The ORIGIN trial enrolled more than 12,000 adults to receive 1 g per day of omega-3 fatty acids or olive oil placebo. After a median follow up of 6.2 years, that trial showed a mean reduction in triglycerides, but no statistically significant differences in other lipid parameters, and no statistically significant effect on cardiovascular outcomes.

The Italian Risk and Prevention study, published in May 2013, also did not show a reduction in risk of cardiovascular death or hospitalization for 1 g of omega-3 fatty acid compared with olive oil placebo in more than 12,000 adults with multiple cardiovascular risk factors after five years follow-up.

A systematic review and meta-analysis published in 2012 in JAMA of 10 trials including GISSI-P, JELIS and ORIGIN, showed no statistically significant reduction in all-cause mortality, cardiac deaths, sudden deaths, myocardial infarction and stroke. Amarin’s ANCHOR trial showed that Vascepa 2 g or 4 g was effective in reducing triglycerides compared to a mineral oil placebo in adults at high risk for cardiovascular disease who had high fasting triglycerides in spite of statin therapy.

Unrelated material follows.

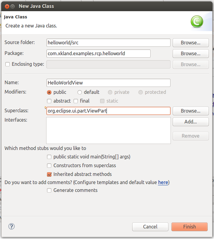 為了顯示Hello World,我們需要一個(gè)擴(kuò)展一個(gè)View。創(chuàng)建一個(gè)View類,其基類為org.eclipse.ui.part.ViewPart,如下圖: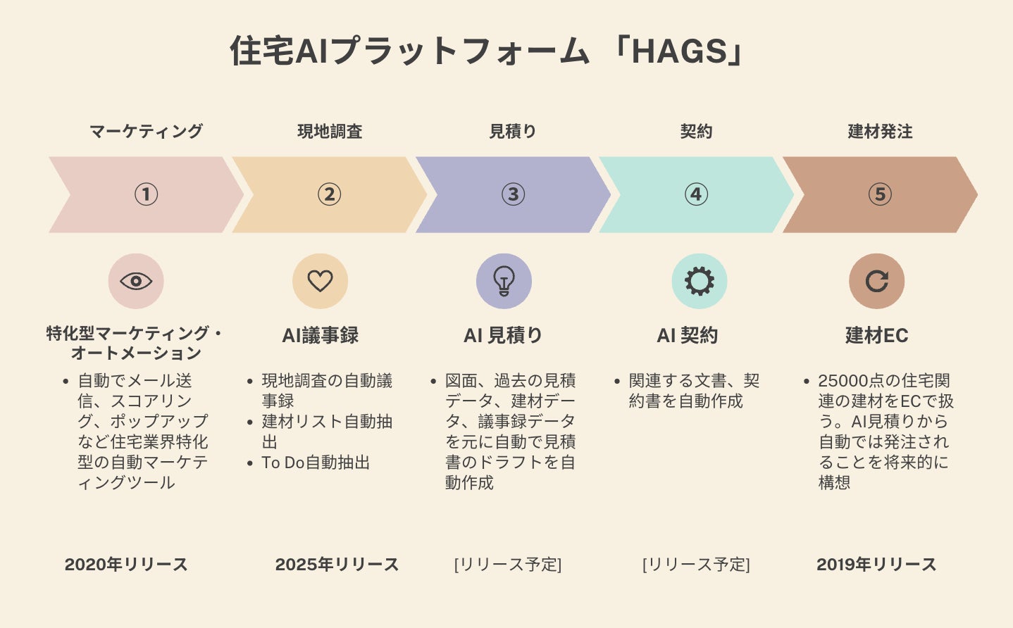 今回は、第一弾として建築業法で保存義務がある顧客との打ち合わせ内容を自動で要約し、必要な建材データ、To Doを抽出する「HAGS AI議事録」をリリースしました。今後弊社のCRM・MAである「Customer now!」に連携し、自動で見積書を作成する「HAGS AI見積り」、そこから半自動で建材EC「HAGS」で建材発注できる住宅AIプラットフォームを構築していきます。

In addition, ANCHOR showed improvement in LDL-C, non-HDL-C, VLDL-C, Lp-PLA2, Apo B and TC compared to placebo. However, Vascepa gave negative efficacy compared to placebo for HDL-C and Apo A-I.

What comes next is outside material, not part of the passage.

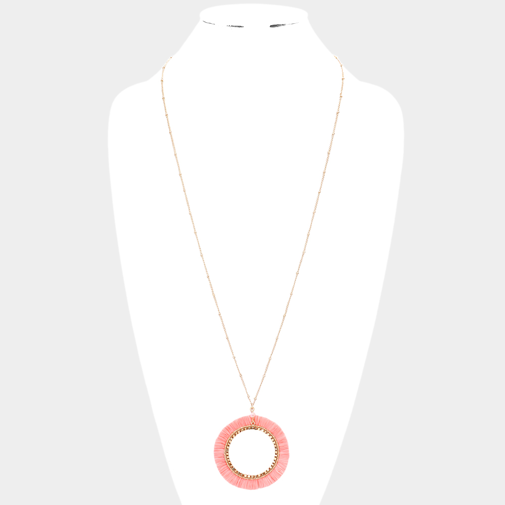 Raffia Trimmed Open Circle Pendant Long Necklace

The FDA’s reviewer noted that the placebo group experienced marked increases from baseline in lipid and lipoprotein values, resulting in larger treatment effects for Vascepa, “This reviewer could not find any statistical reasoning to explain this perplexing phenomenon of placebo. Information was not provided on the compliance of the background statin therapy during the double-blind treatment period. It is also not known whether mineral oil interferes with the absorption of statins.”

The FDA’s conclusion was that the beneficial treatment effects of Vascepa relative to placebo may be over-estimated. The advisory panel must now decide whether to recommend approval of Vascepa based on its benefit for blood lipid profile, with no real clarity about what the outcome of the REDUCE-IT trial will show two years hence.